11.3.2 Overdispersion in Binomial Models: Beta-Binomial

Binary responses (0/1) cannot be overdispersed by definition: a Bernoulli trial has variance \(p(1-p)\) with no free parameter. But when the response is a proportion of successes out of \(n\) trials (e.g. 7 out of 20 seeds germinating), overdispersion is possible and common. The beta-binomial distribution handles this:

set.seed(42)

n_plants <- 30
n_seeds <- 20
treatment <- factor(rep(c("Control", "Treated"), each = n_plants / 2))

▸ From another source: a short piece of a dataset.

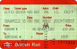 By this time, the "Day Returns Only" card could only be used to buy Cheap Day Returns, following the introduction of the "Cheap Day" fare to distinguish between peak-time and off-peak journeys. "Cheap Day Returns Only" wording began to appear on these Railcards accordingly; but they were withdrawn from 10 January 1988, with the price of the "full" Railcard being increased from £12.00 to £15.00 at the same time. The APTIS ticket issuing system had been introduced in late 1986, and was still in the process of being rolled out across the British Rail network in 1988, so the APTIS "Cheap Day Returns Only" Railcard (form number BR 4599/18) is rarely seen. The first APTIS version of the full Railcard (BR 4599/17), with mauve upper and lower bands,B also lasted until 10 January 1988,[7] at which point the following changes were made: security background (miniature repeats of the words "British Rail") was changed from the light green colour seen on most APTIS ticket stock to a dark pink; the upper and lower bands became dark brown; and part of the background was filled with the words "Senior Citizen Railcard" in cursive writing in white. This style lasted only until October 1988, at which point the white lettering changed to brown.[7][8]

# Simulate beta-binomial data manually:
# Step 1: draw plant-level probabilities from a Beta distribution
# Step 2: draw seed counts from a Binomial given those probabilities
# This two-step process is exactly what the beta-binomial distribution models

# Beta parameters derived from mean (mu) and dispersion (theta):
# shape1 = mu * theta, shape2 = (1 - mu) * theta
mu_control <- 0.3
mu_treated <- 0.6
theta      <- 5    # smaller theta = more overdispersion

p_control <- rbeta(n_plants / 2,
                   shape1 = mu_control * theta,
                   shape2 = (1 - mu_control) * theta)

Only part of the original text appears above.